BEGIN

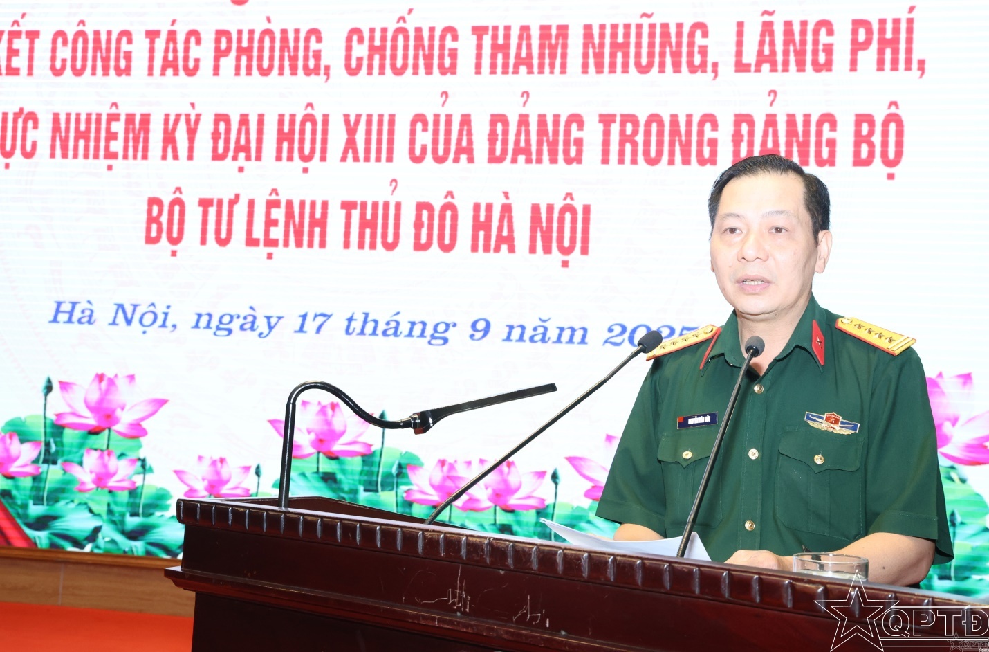 QPTĐ-Sáng 17-9, Đảng ủy Bộ Tư lệnh Thủ đô Hà Nội đã tổ chức Hội nghị tổng kết công tác phòng, chống tham nhũng, lãng phí, tiêu cực nhiệm kỳ Đại hội XIII của Đảng trong Đảng bộ Bộ Tư lệnh Thủ đô Hà Nội.
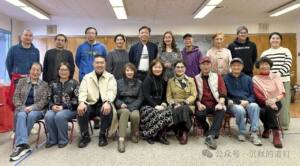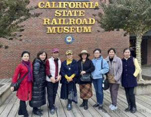 上图:出品人陈建萍(左四)和《沉默的道钉》剧组导演主演等在加州铁路博物馆了解华工历史。
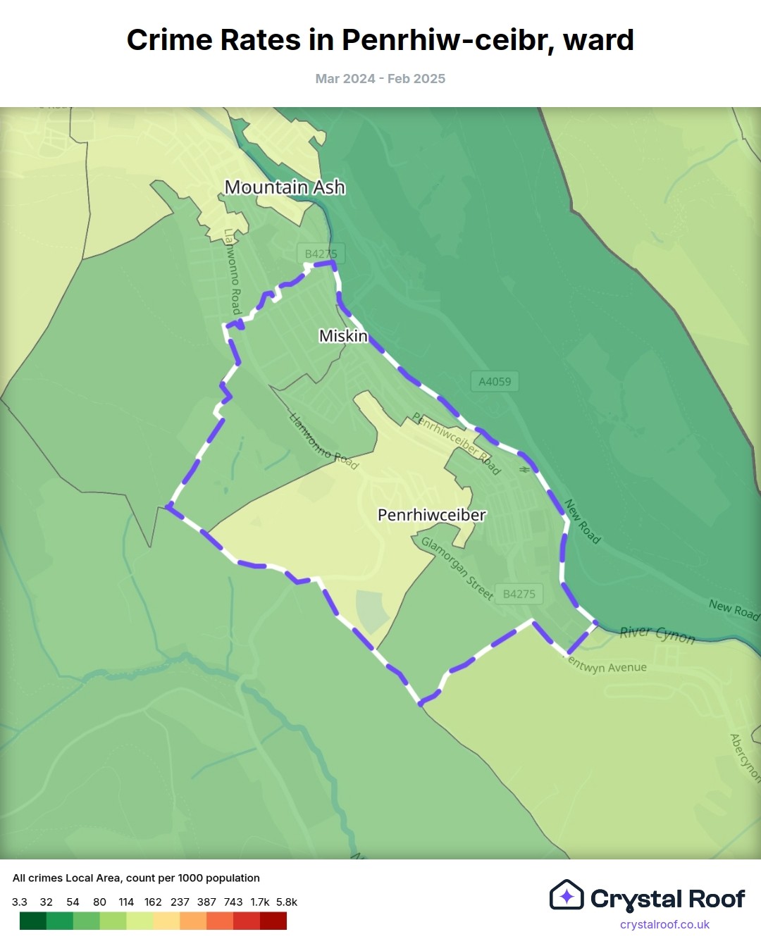 Penrhiw-ceibr (ward) is located within Rhondda Cynon Taf (borough). Annual total crime rate in Rhondda Cynon Taf (borough) is 89 crimes per thousand resident population, which can be rated as 4 out of 10 or low crime level compared to other local authority districts in England and Wales.
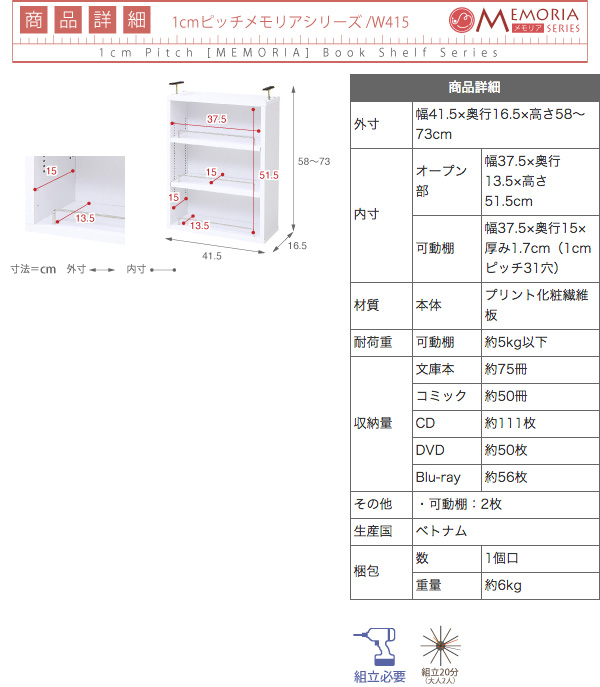 下記ダウンロードボタンから、「MEMORIA 棚板が1cmピッチで可動する 薄型オープン上置き幅41.5 FRM-0103」の組立説明書(PDF形式)をダウンロードできます。

END

#### [Problem details]
Transcribe exactly, and only, the lines from the one with "上图:出品人陈建萍(左四)和" through the final line of the data above. The pictures stay out.

#### [Response to this task]
 上图:出品人陈建萍(左四)和《沉默的道钉》剧组导演主演等在加州铁路博物馆了解华工历史。
 Penrhiw-ceibr (ward) is located within Rhondda Cynon Taf (borough). Annual total crime rate in Rhondda Cynon Taf (borough) is 89 crimes per thousand resident population, which can be rated as 4 out of 10 or low crime level compared to other local authority districts in England and Wales.
 下記ダウンロードボタンから、「MEMORIA 棚板が1cmピッチで可動する 薄型オープン上置き幅41.5 FRM-0103」の組立説明書(PDF形式)をダウンロードできます。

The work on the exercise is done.